═════ INPUT DATA

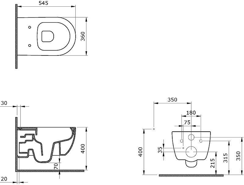 Характеристики унитаз безободковый,унитаз подвесной Ambassador (103T21001R)
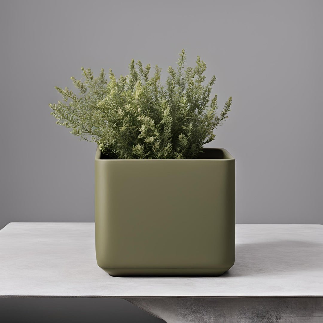 The "Plant Cube" is a minimalist flowerpot for modern spaces – with a clean shape, matte finish, and a calm color. Finished in rich olive and made from robust, sustainable material, it showcases your plants without being too prominent.
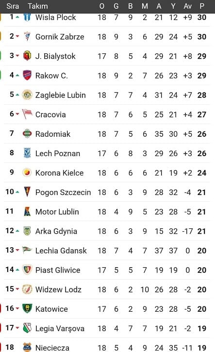 18 takımlı ligde lider ile düşme hattı arasındaki fark yalnızca 10 puan. Bu da birkaç haftalık galibiyet ya da mağlubiyet serisinin tüm sıralamayı altüst edebileceği anlamına geliyor. Ekstraklasa’da bu sezon “orta sıralar” ya da “rahat bölge” diye bir kavram kalmadı.
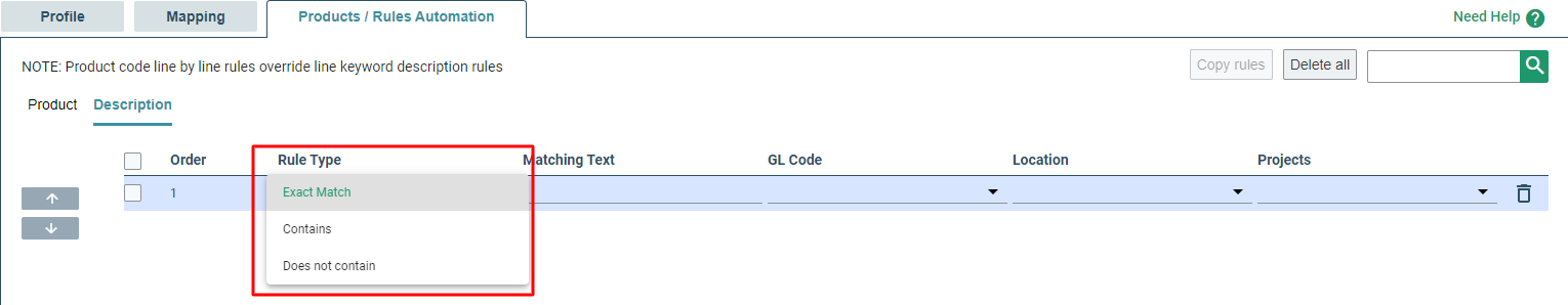 When creating a rule, each description can be matched as 'Exact', 'Contains' or 'Does Not Contain'. To change this, in the Rule Type Column, you can select one of these options from the dropdown menu. These rules will ignore capitalisation and spaces.
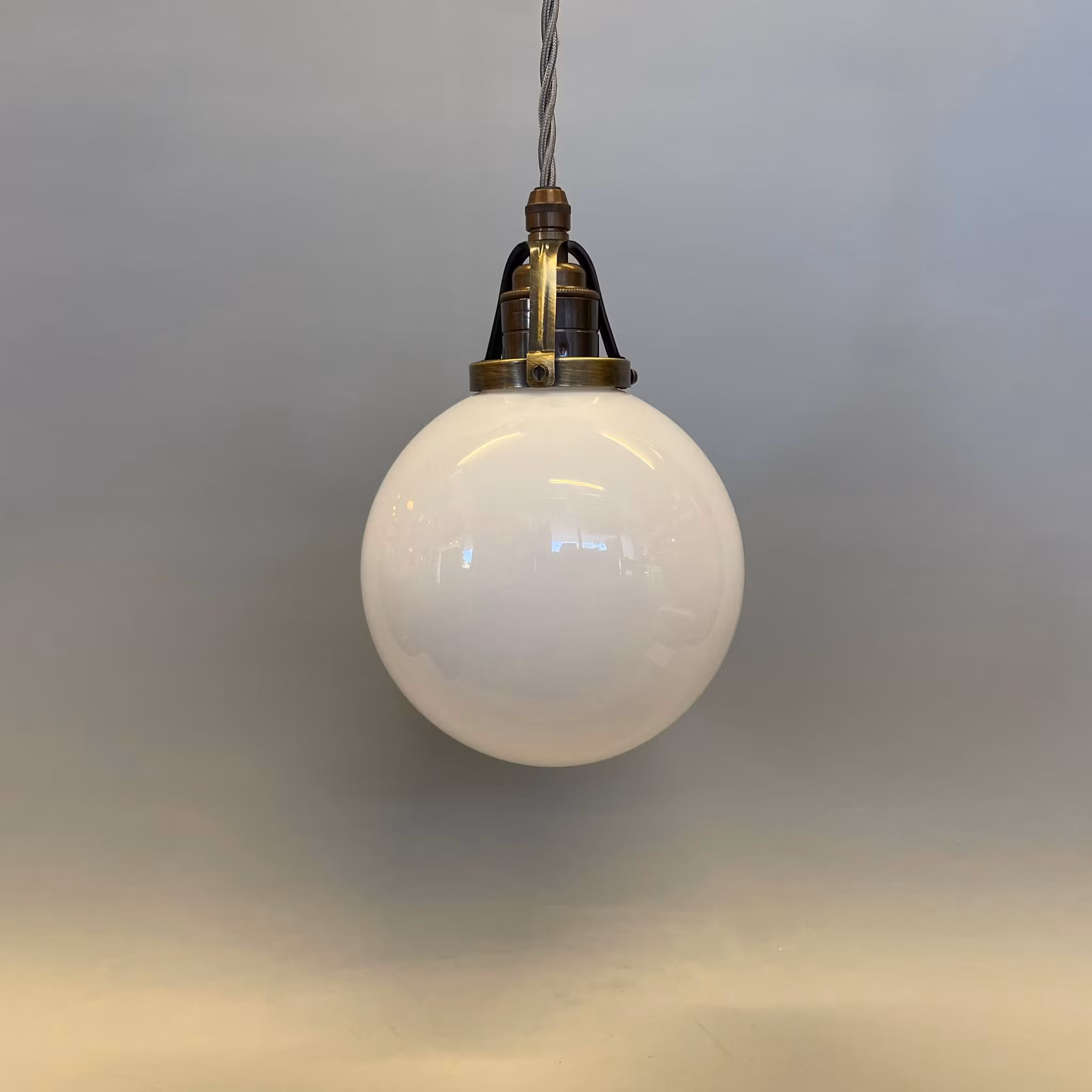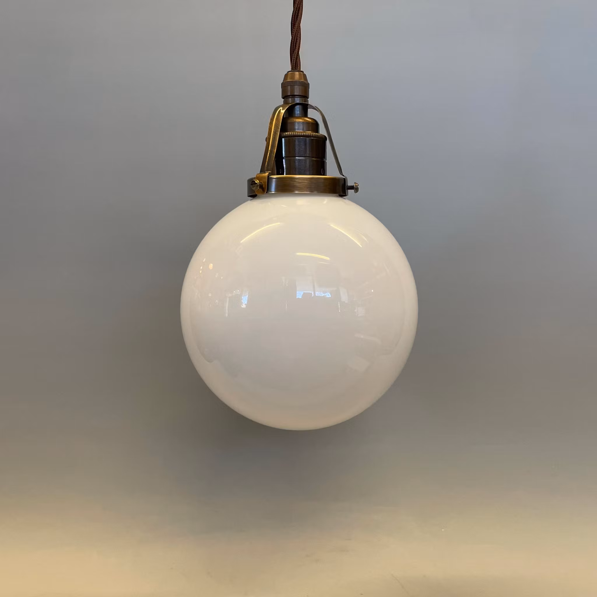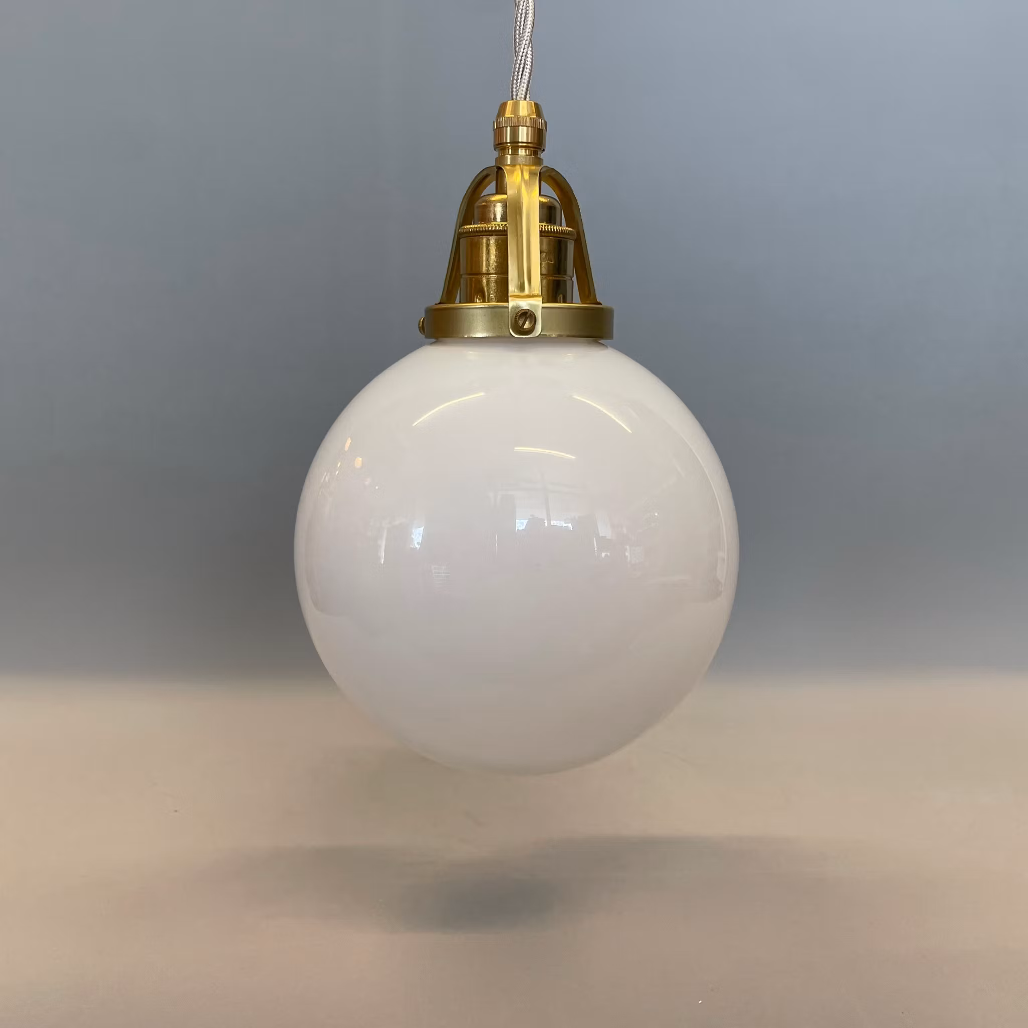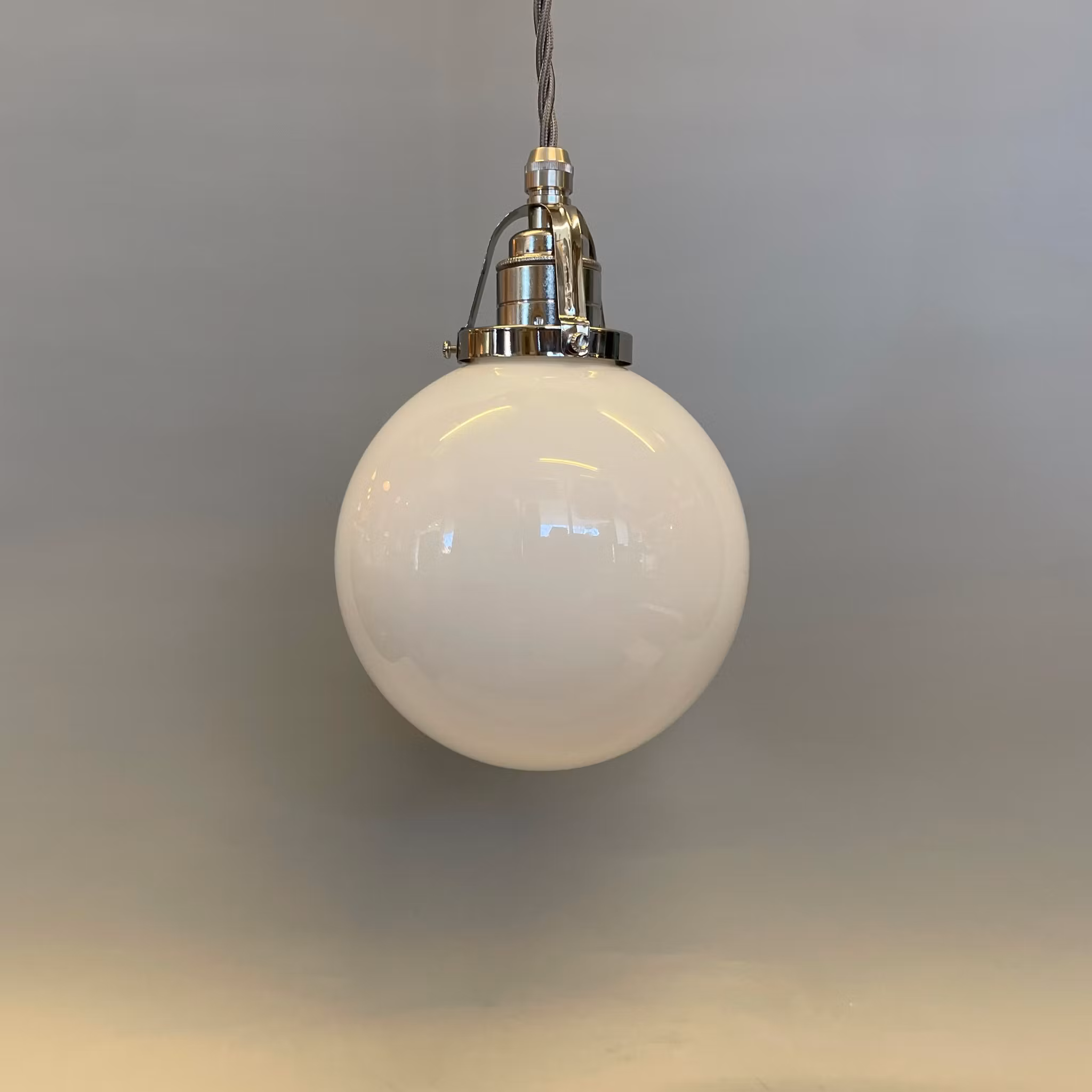 En riktig klassiker. Snygg opalvit klotkupa i glas med olika typer av upphäng att välja på. 15 cm i diameter. Tänk på att du behöver välja en aningen smalare typ av glödlampskropp för att den ska få plats igenom hålet i kragen.
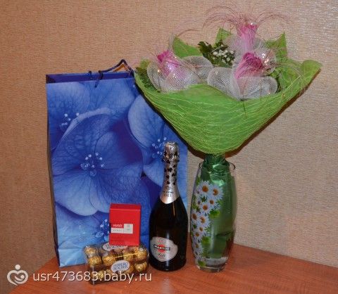Мой вот так поздравил: Любимое шампанское Asti Martini, конфетки FerreroRocher, духи Hugo Boss «Hugo Woman» и конечно же небольшой букетик
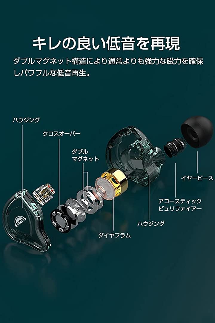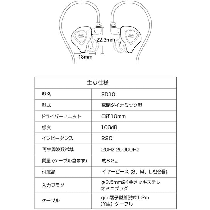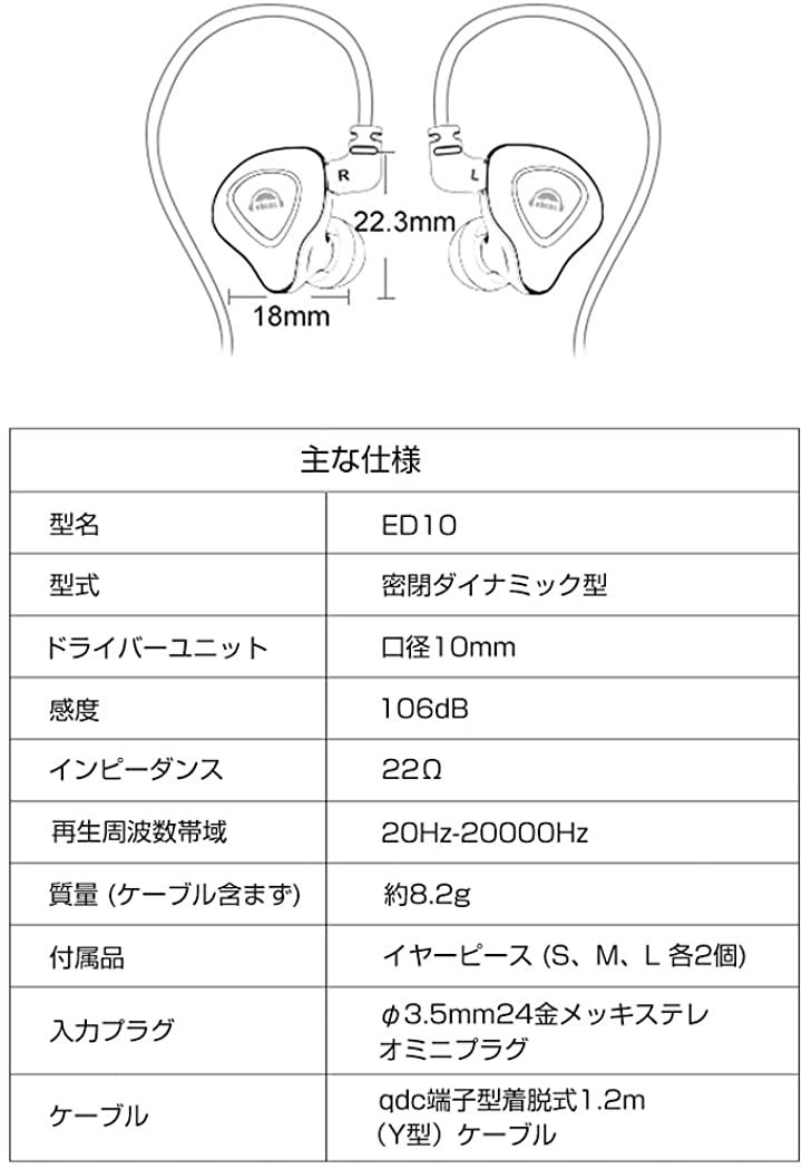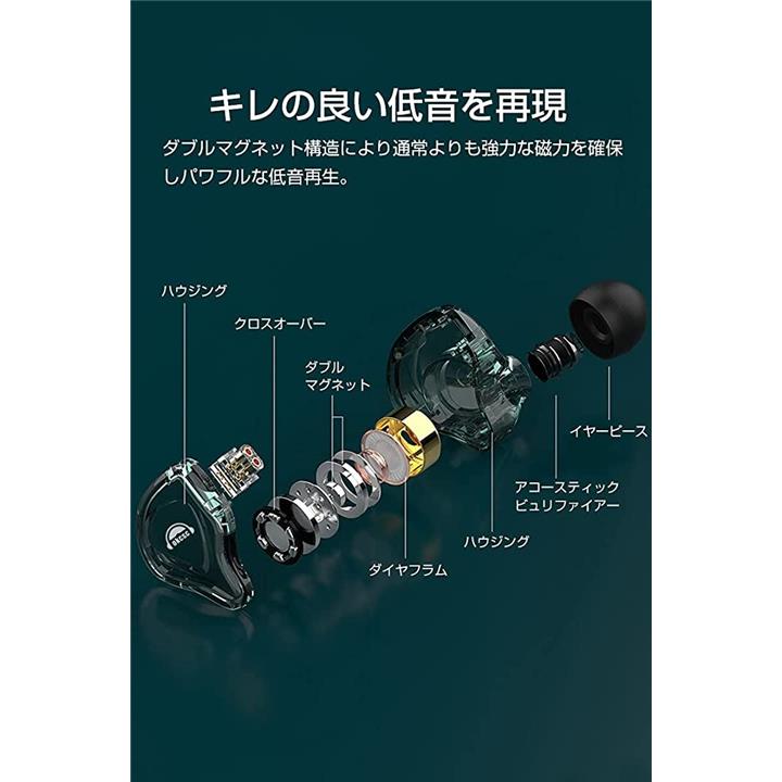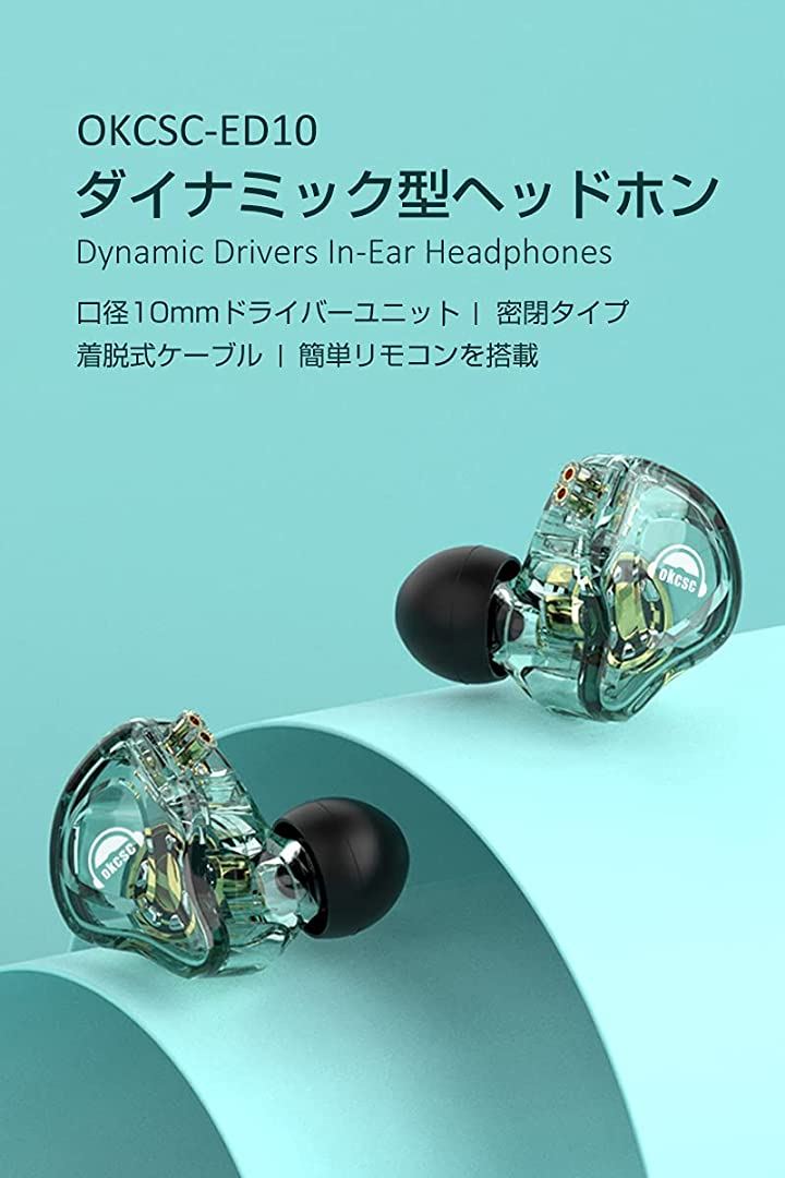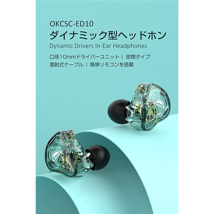 互換品 ED10 イヤホン 有線 カナル型イヤホン 重低音 耳掛け 着脱式ケーブル パソコン用 PC/スマホ対応 3.5mm

══════════

YOUR OBJECTIVE |
Reproduce the entries above exactly. Do not include the images.

ANSWER SPACE |
 Характеристики унитаз безободковый,унитаз подвесной Ambassador (103T21001R)
 The "Plant Cube" is a minimalist flowerpot for modern spaces – with a clean shape, matte finish, and a calm color. Finished in rich olive and made from robust, sustainable material, it showcases your plants without being too prominent.
 18 takımlı ligde lider ile düşme hattı arasındaki fark yalnızca 10 puan. Bu da birkaç haftalık galibiyet ya da mağlubiyet serisinin tüm sıralamayı altüst edebileceği anlamına geliyor. Ekstraklasa’da bu sezon “orta sıralar” ya da “rahat bölge” diye bir kavram kalmadı.
 When creating a rule, each description can be matched as 'Exact', 'Contains' or 'Does Not Contain'. To change this, in the Rule Type Column, you can select one of these options from the dropdown menu. These rules will ignore capitalisation and spaces.
 En riktig klassiker. Snygg opalvit klotkupa i glas med olika typer av upphäng att välja på. 15 cm i diameter. Tänk på att du behöver välja en aningen smalare typ av glödlampskropp för att den ska få plats igenom hålet i kragen.
Мой вот так поздравил: Любимое шампанское Asti Martini, конфетки FerreroRocher, духи Hugo Boss «Hugo Woman» и конечно же небольшой букетик
 互換品 ED10 イヤホン 有線 カナル型イヤホン 重低音 耳掛け 着脱式ケーブル パソコン用 PC/スマホ対応 3.5mm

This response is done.